By Gloria Dickie
DUBAI (Reuters) – Heat stress. Lung damage due to smoke from wildfires. The spread of disease-carrying mosquitoes to new areas as temperatures rise.
These are just some of the ways in which public health is being affected and exacerbated by climate change – a focus for the first time ever at the annual UN climate summit COP28.
Ministers are expected to discuss how to protect people from climate-related health threats, which now threaten to reverse decades of public health progress.
Experts expect that from 2030, just four of these threats – malnutrition, malaria, diarrhea and heat stress – will increase the global death toll by 250,000 per year, according to the World Health Organization (WHO).
“Extreme weather events are becoming extreme health events,” said Martin Edlund, CEO of the global non-profit organization Malaria No More.
Here’s how climate change is harming the health of people around the world today, and what countries could expect in the future.
VECTOR TRANSFERRED DISEASES
Mosquitoes that carry viruses including dengue, malaria, West Nile and Zika are moving to new parts of the world as warmer temperatures and heavy rainfall create more hospitable conditions for them to breed.
According to the WHO, reported cases of dengue have increased from about half a million in 2000 to more than 5 million in 2019.
This year, cases in Brazil are up 73% over the five-year average, Edlund says, while Bangladesh is dealing with a record outbreak of dengue.
Climate change is also having an unpredictable impact on malaria: 5 million more cases will be recorded in 2022 than the year before – for a total of 249 million, according to the WHO’s World Malaria Report.
For example, floods in Pakistan last year led to a 400% increase in malaria cases in the country, the report said.
The disease has also spread to the highlands of Africa, where it was previously cold for mosquitoes.
Two new malaria vaccines expected to be available next year offer some hope of combating the scourge.
TRAYY WATERS
Storms and floods caused by climate change also allow other contagious water-borne diseases to proliferate.
After decades of progress in the fight against cholera, an intestinal infection spread by contaminated food and water, cases are rising again, even in countries where the disease has been virtually eradicated.

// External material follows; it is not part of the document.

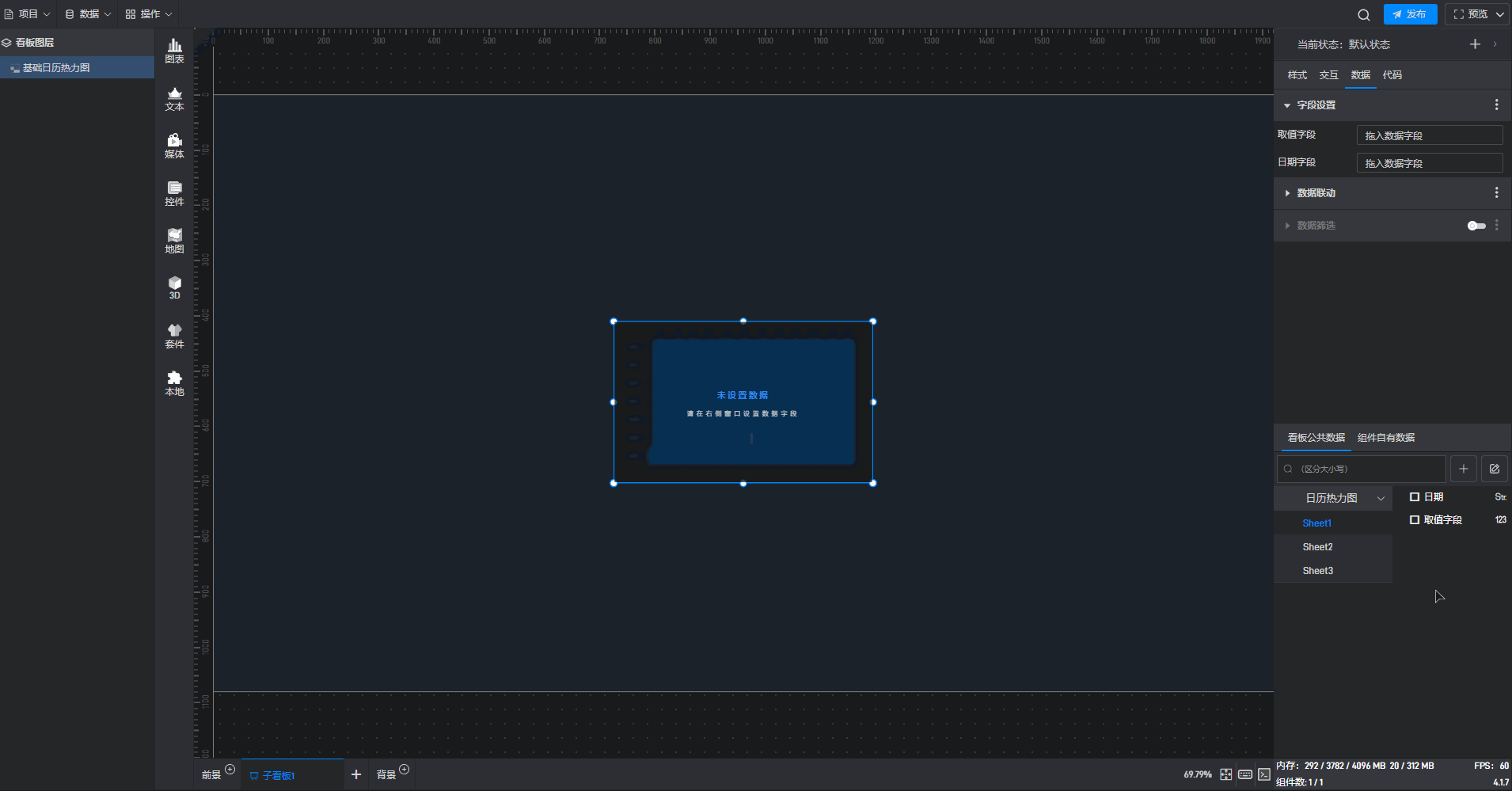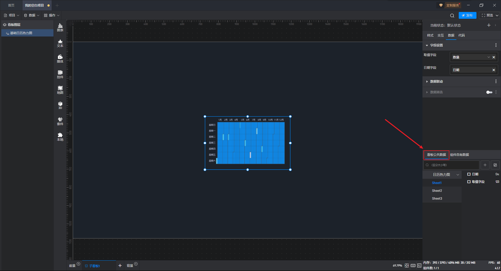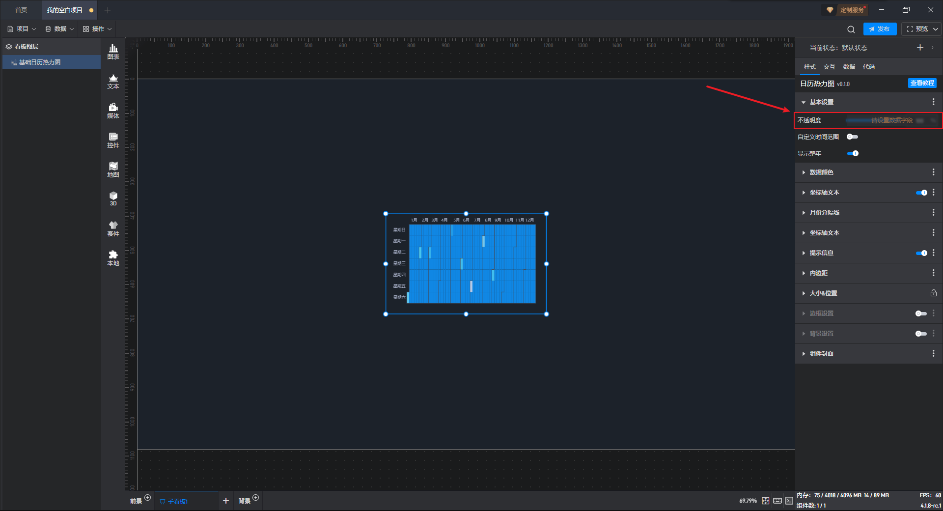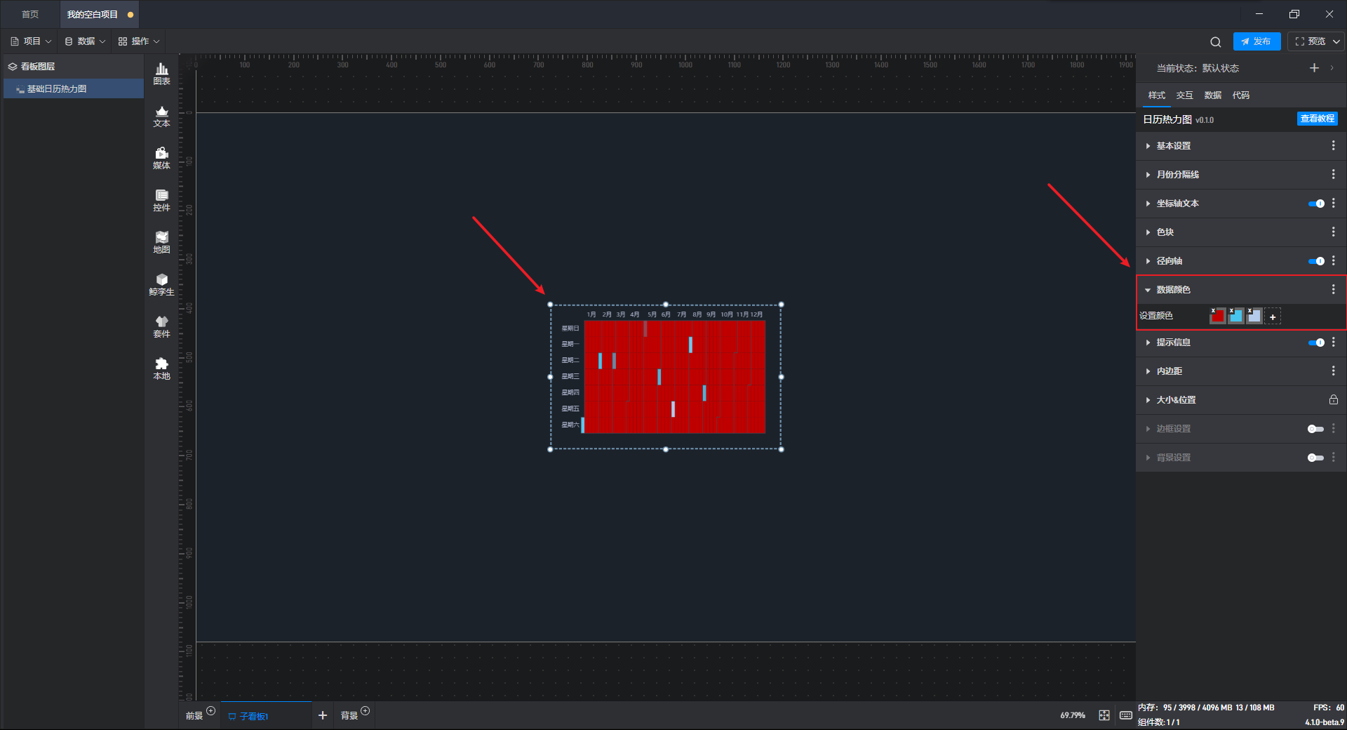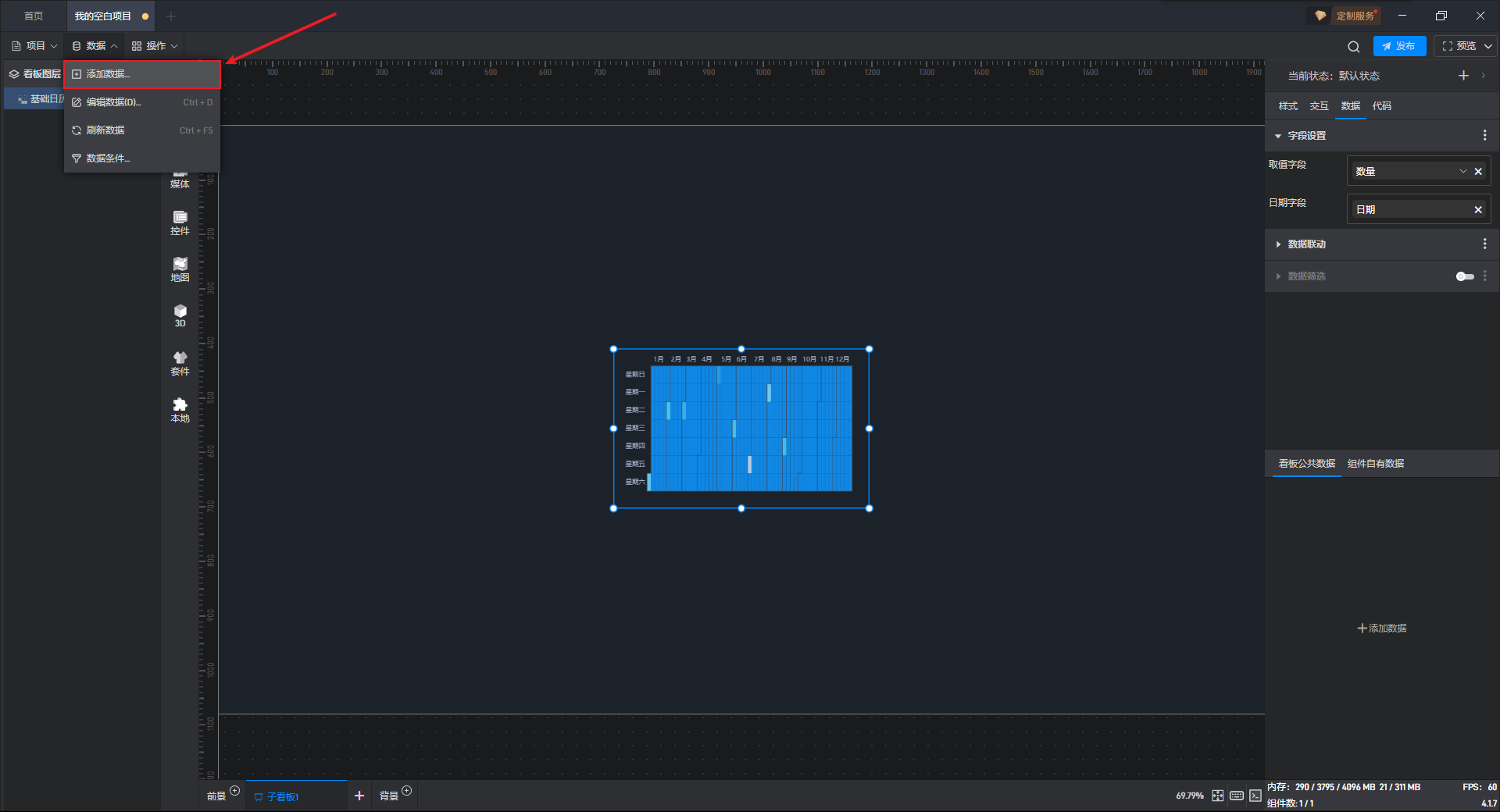 下面我们以基础日历热力图为例,为大家介绍一下组件的使用步骤:
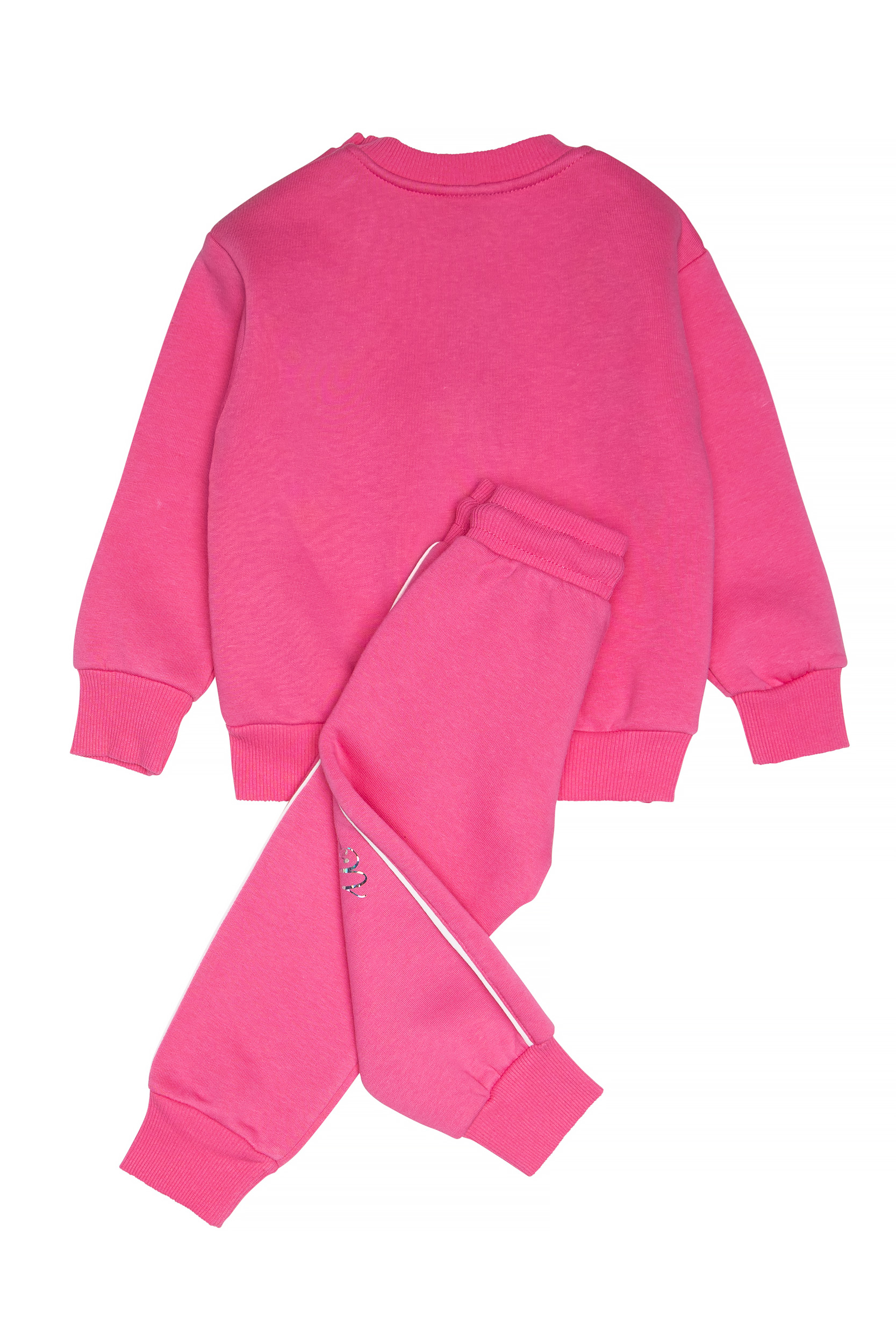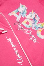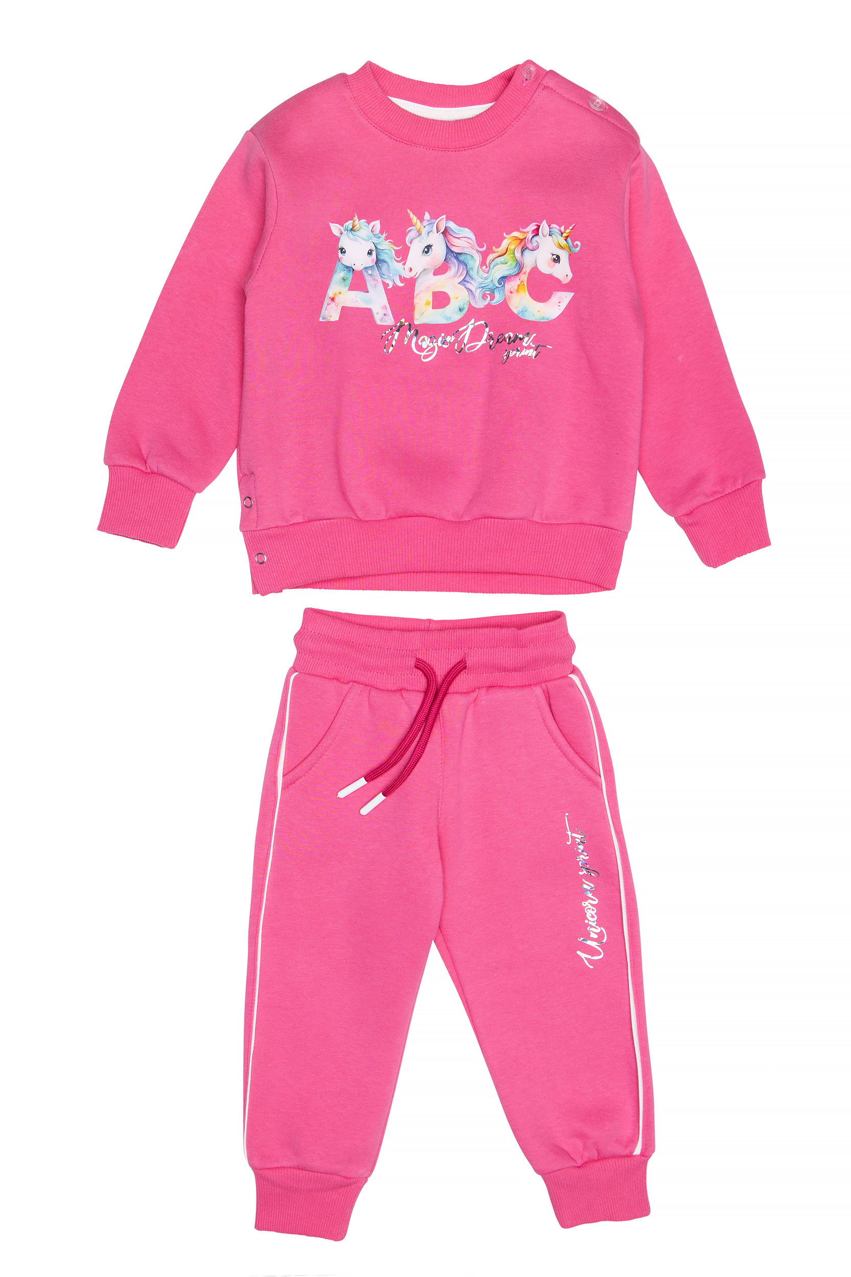 - Παιδικό σετ φόρμας 2 τεμαχίων φούτερ με χνούδι. Μπλούζα με στρογγυλή λαιμόκοψη και τύπωμα UNICORNS με ιριδίζον γράμματα και άνοιγμα με τρούκ στο πλάι. Παντελόνι με ελαστικό ζωνάρι και ρυθμιζόμενα κορδόνια με μπροστινές λοξές τσέπες, δίχρωμα ρέλια στο πλάι και ιριδίζον τύπωμα.

Without treatment, cholera can be fatal within hours.
In 2022, 44 countries reported cases of cholera, a 25% increase from 2021, according to the WHO, which noted the role cyclones, floods and drought play in cutting off access to clean water and helping bacteria to spread. thrive.
Recent outbreaks have also been much deadlier, with death rates now at their highest levels in more than a decade, the WHO said.
Diarrhea is also getting a boost from climate change, with increasingly erratic rainfall – resulting in wet or dry conditions – posing a greater risk, research shows.
Diarrhea is the world’s second leading cause of death among children under five after pneumonia, claiming the lives of more than half a million children every year.
EXTREME HEAT AND SMOKY SKY
Heat stress – one of the most obvious health effects of global warming – is expected to affect hundreds of millions of people as temperatures continue to rise in the coming decades.
With the world already about 1.1 degrees warmer than average pre-industrial temperatures, people experienced an average of about 86 days of dangerously high temperatures in 2022, a report from the medical journal Lancet showed last month.
If the world warms 2 degrees Celsius above pre-industrial levels, the report said, annual heat deaths could more than quadruple.
A July study in the journal Nature Medicine estimated that about 61,000 people died during Europe’s summer 2022 heat waves.
The heat has also made forests drier, causing extreme wildfires that have affected much of the world in recent years.
According to a September study in the journal Nature, in the decade beginning in 2010, more than two billion people were exposed to unhealthy air pollution from fire smoke at least one day a year. That was an increase of 6.8% compared to the previous decade.
According to the American Thoracic Society, air pollution in the United States now kills between 4,000 and 28,000 people every year.